Две недели спустя Харелт под именем дана Хекки сидел на званом обеде у бургомистра Торфинса — хотя обед больше напоминал небольшое торжество, после десерта обещали даже танцы. Торфинс городом был немалым, торговым, потому «солидных людей», жаждущих познакомиться и пообщаться со столичным гостем оказалось достаточно. Особенно почтенных матрон с дочками, слетевшихся как пчёлы на мёд, едва узнали, что гость не женат. Впрочем, ко второй перемене блюд ни девушки, ни внимание их родительниц Харелта не волновали, куда больше беспокойства доставляла ему собственная бородка, расчёсанная и завитая по последней моде. И также по последней столичной моде тщательно выкрашенная вместе с волосами в серебряный и синий цвета. Со всех сторон это было удачно, так как позволяло спрятать очень приметную рыжину — иначе хоть раз заночуешь в гостях, не успеешь после утреннего туалета спрятать бритвенный прибор, и всё инкогнито раскрыто.
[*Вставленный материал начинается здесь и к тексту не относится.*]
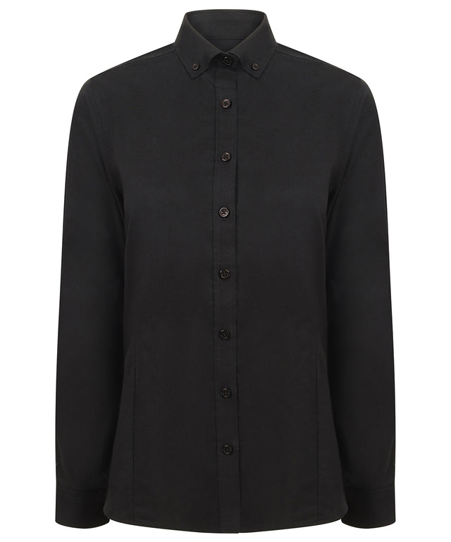 Henbury Women's modern long sleeve Oxford shirt - Black / XS is backordered and will ship as soon as it is back in stock.

Но как же эта проклятая борода с непривычки чесалась! А ещё внимательно приходилось следить, чтобы случайно не макнуть её в соус и не испортить впечатление вычурного и изысканного мальчика из высшего света.
Чтобы хоть как-то отвлечься, Харелт вслушался в болтовню сидящего рядом бургомистра. Тот как раз с печалью рассказывал о событиях в Тейне: мол, позор-то какой — священник поддержал самосуд над невинной девушкой. А до этого все на него чуть не молились, и совета чаще именно у него спрашивали, хотя главная церковь прихода в Торфинсе стоит. А ещё скандал, аж до столицы дошло. Харелт поддакнул — да, да, он вот тоже слышал. А мысленно добавил, что ещё бы ему не слышать. Было не исключено, что отец Райберт тоже являлся одной из целей сектантов — если в самом Торфинсе в церковь ходили больше для приличия, то яркие проповеди священника из Тейна собирали огромную толпу. Поэтому, как только стало известно о демонопоклонниках, отца Райберта немедленно вместе с семьёй спрятали в одной из резиденций Сберегающих, а по всей округе поползли слухи о суде. Причём разговоры и пересуды дошли даже до столицы, где ими и заинтересовался тот самый Хекки, который приехал «посмотреть, как жила настоящая ведьма».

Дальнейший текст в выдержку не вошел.